**What to produce:**
Write out word for word each line from the one containing "體育資訊03月12日訊 歐冠1/8決賽首回合比賽結束,種子隊只有拜仁客場取勝。" through the close of the listing, including both ends. Pictures do not belong in the copy.

= Beginning of Section =

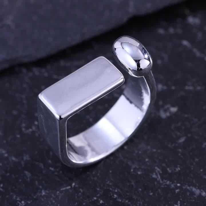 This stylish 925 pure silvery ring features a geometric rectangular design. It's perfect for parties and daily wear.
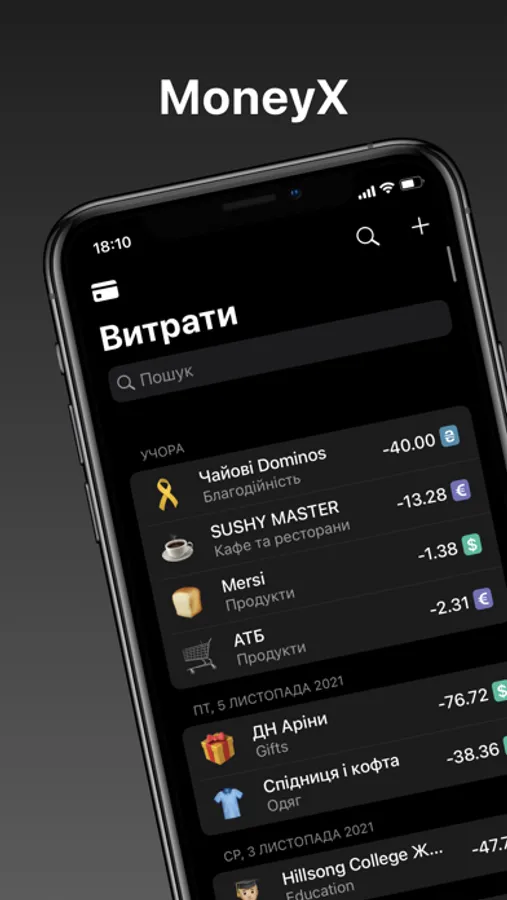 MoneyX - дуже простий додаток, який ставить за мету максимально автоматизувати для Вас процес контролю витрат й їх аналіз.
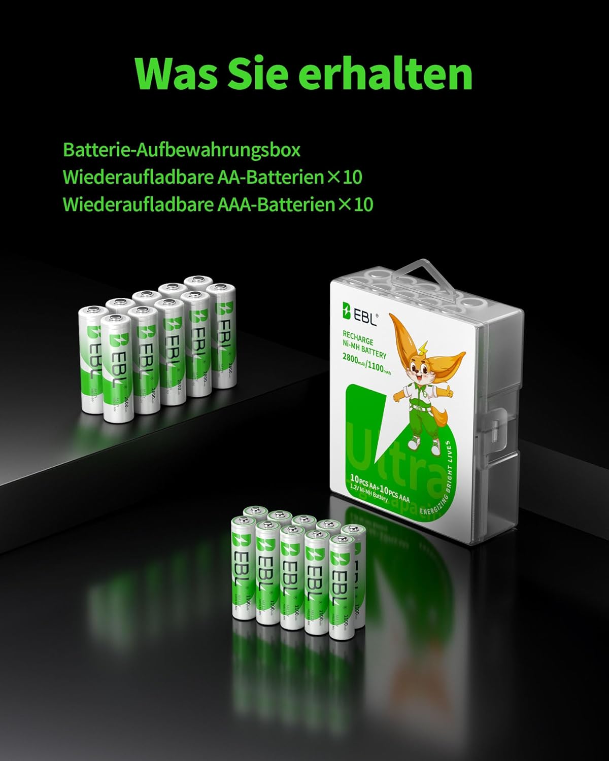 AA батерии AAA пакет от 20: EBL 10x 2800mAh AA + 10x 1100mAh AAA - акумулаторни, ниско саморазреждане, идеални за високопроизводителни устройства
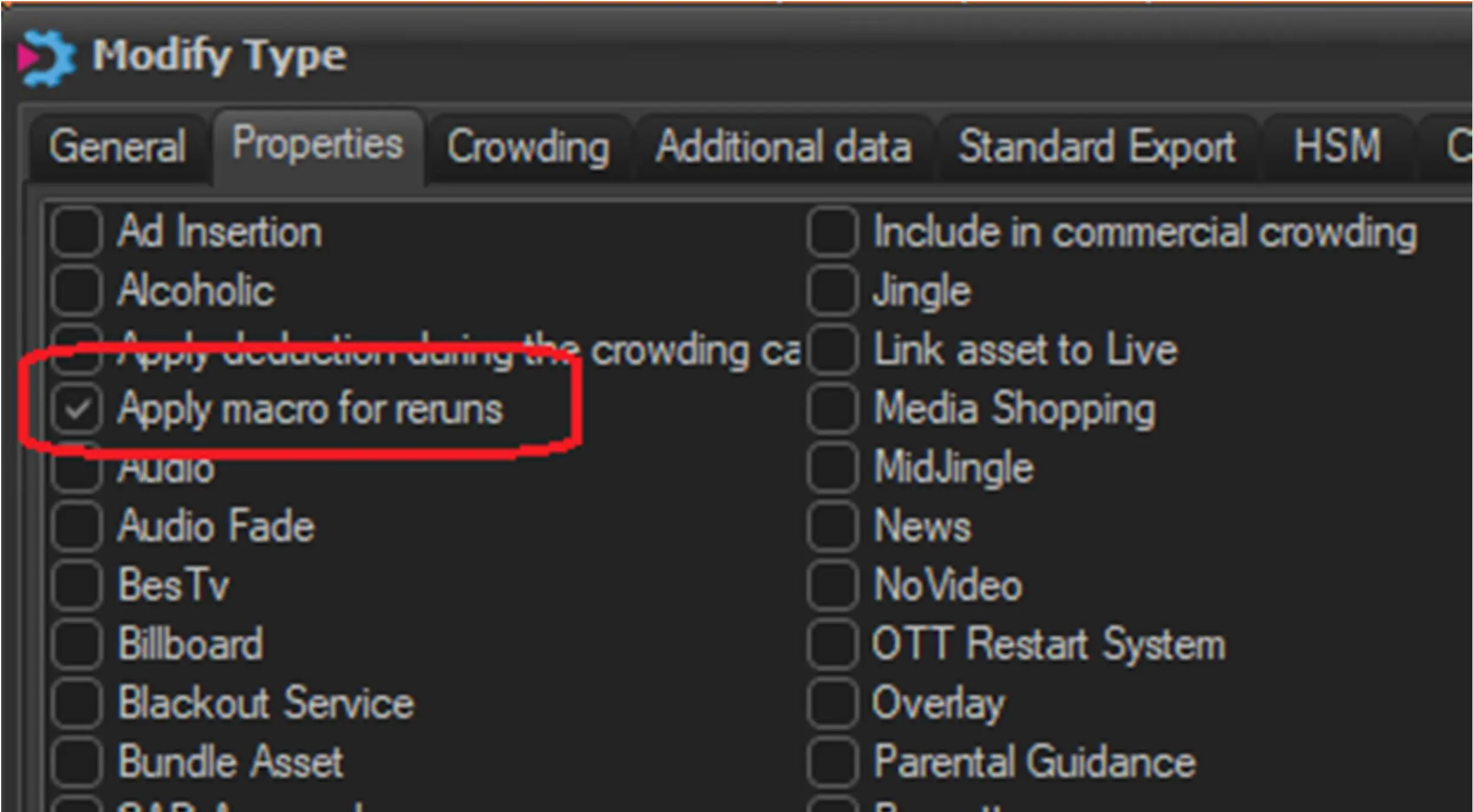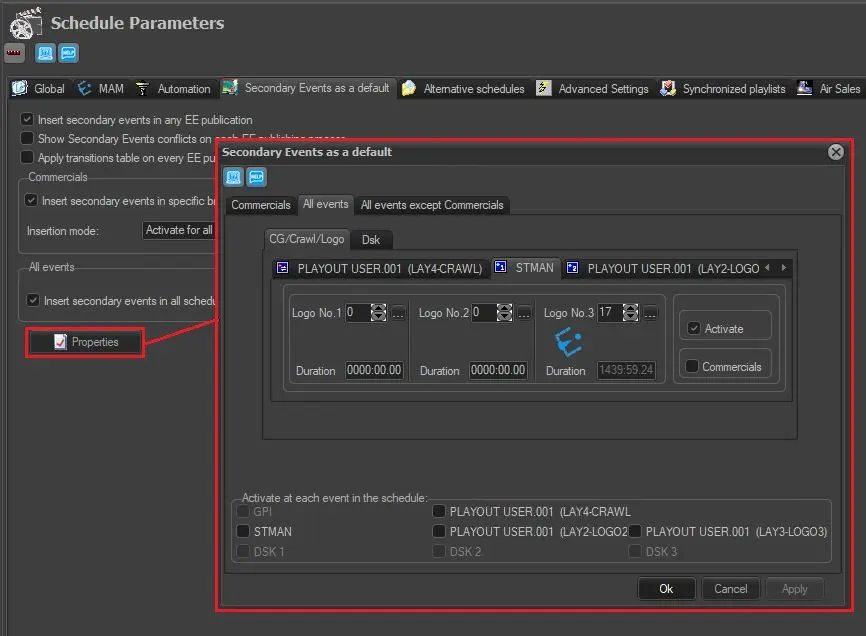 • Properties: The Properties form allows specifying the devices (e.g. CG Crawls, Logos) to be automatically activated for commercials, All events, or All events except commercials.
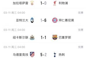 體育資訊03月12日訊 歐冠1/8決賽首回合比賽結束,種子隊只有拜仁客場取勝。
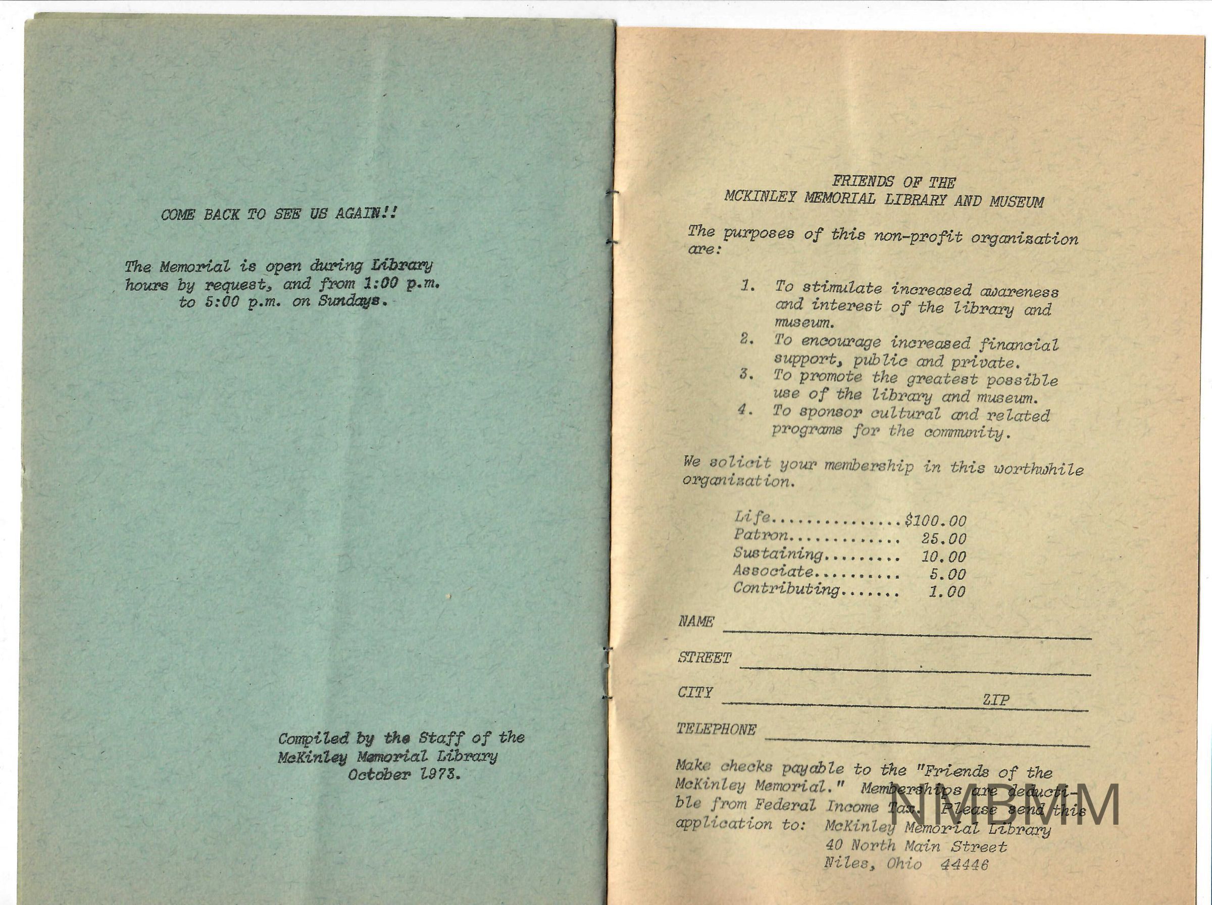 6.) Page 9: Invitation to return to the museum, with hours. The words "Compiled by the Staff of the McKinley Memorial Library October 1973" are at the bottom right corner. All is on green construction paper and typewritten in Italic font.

= End of Section =

**Result:**
 體育資訊03月12日訊 歐冠1/8決賽首回合比賽結束,種子隊只有拜仁客場取勝。
 6.) Page 9: Invitation to return to the museum, with hours. The words "Compiled by the Staff of the McKinley Memorial Library October 1973" are at the bottom right corner. All is on green construction paper and typewritten in Italic font.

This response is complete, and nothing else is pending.